[INPUT MATERIAL]
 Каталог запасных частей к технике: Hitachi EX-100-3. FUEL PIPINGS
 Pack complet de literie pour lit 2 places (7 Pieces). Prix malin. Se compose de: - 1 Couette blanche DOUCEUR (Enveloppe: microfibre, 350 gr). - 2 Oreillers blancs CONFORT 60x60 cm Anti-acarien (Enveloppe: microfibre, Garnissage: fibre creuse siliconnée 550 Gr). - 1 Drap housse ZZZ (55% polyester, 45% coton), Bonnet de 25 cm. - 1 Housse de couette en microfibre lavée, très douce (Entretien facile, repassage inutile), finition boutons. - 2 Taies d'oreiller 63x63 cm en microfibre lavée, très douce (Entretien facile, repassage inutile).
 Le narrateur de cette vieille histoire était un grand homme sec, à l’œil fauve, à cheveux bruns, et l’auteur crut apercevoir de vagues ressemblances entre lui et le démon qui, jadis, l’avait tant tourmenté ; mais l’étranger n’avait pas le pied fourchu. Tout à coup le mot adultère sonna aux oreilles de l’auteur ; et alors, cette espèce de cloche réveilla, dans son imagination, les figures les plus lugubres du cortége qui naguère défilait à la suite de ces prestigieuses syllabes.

...

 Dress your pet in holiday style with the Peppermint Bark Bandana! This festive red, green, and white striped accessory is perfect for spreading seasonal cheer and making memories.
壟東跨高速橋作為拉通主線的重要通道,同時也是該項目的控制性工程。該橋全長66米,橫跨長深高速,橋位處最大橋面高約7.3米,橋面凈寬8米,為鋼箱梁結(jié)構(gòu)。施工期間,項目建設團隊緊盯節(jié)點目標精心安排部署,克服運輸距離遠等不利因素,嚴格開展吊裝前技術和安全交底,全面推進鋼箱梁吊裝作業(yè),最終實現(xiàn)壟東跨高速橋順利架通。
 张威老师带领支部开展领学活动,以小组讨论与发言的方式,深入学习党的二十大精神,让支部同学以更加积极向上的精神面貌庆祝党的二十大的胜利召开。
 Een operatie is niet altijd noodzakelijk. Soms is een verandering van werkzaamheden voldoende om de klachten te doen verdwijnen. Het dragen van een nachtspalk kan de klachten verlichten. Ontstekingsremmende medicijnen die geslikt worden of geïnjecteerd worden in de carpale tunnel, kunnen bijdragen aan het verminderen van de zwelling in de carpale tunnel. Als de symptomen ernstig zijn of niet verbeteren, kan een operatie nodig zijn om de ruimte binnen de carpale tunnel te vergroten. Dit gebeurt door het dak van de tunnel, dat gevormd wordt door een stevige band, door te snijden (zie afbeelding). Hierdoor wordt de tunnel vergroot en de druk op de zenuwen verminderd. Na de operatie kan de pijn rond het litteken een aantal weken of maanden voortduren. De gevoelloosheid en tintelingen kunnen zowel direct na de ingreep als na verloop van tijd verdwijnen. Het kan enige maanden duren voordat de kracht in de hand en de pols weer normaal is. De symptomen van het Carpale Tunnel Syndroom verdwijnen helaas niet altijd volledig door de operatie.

==

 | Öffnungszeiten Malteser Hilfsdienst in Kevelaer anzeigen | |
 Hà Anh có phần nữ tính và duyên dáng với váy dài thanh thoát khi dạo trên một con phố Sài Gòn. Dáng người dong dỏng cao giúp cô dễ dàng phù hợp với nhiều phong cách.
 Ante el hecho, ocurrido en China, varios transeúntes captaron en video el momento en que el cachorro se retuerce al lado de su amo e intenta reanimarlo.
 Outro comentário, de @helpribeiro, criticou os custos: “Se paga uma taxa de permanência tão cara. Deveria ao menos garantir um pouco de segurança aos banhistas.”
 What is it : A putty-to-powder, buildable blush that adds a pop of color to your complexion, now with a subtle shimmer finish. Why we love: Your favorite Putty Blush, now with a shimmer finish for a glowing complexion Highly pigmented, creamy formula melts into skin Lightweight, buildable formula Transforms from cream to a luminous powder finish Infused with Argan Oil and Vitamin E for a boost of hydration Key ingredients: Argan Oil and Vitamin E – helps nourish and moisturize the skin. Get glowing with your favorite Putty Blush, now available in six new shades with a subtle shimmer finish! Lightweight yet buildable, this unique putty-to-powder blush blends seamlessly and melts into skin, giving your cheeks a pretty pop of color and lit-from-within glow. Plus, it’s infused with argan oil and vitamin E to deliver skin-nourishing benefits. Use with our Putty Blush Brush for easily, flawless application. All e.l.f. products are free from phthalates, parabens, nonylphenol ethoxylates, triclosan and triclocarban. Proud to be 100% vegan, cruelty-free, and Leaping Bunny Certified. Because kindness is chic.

[PROBLEM DESCRIPTION]
Above are the records; repeat exactly the lines from the one holding "Ante el hecho, ocurrido" down to the one holding "Outro comentário, de", end lines included.

[TASK ANSWER]
 Ante el hecho, ocurrido en China, varios transeúntes captaron en video el momento en que el cachorro se retuerce al lado de su amo e intenta reanimarlo.
 Outro comentário, de @helpribeiro, criticou os custos: “Se paga uma taxa de permanência tão cara. Deveria ao menos garantir um pouco de segurança aos banhistas.”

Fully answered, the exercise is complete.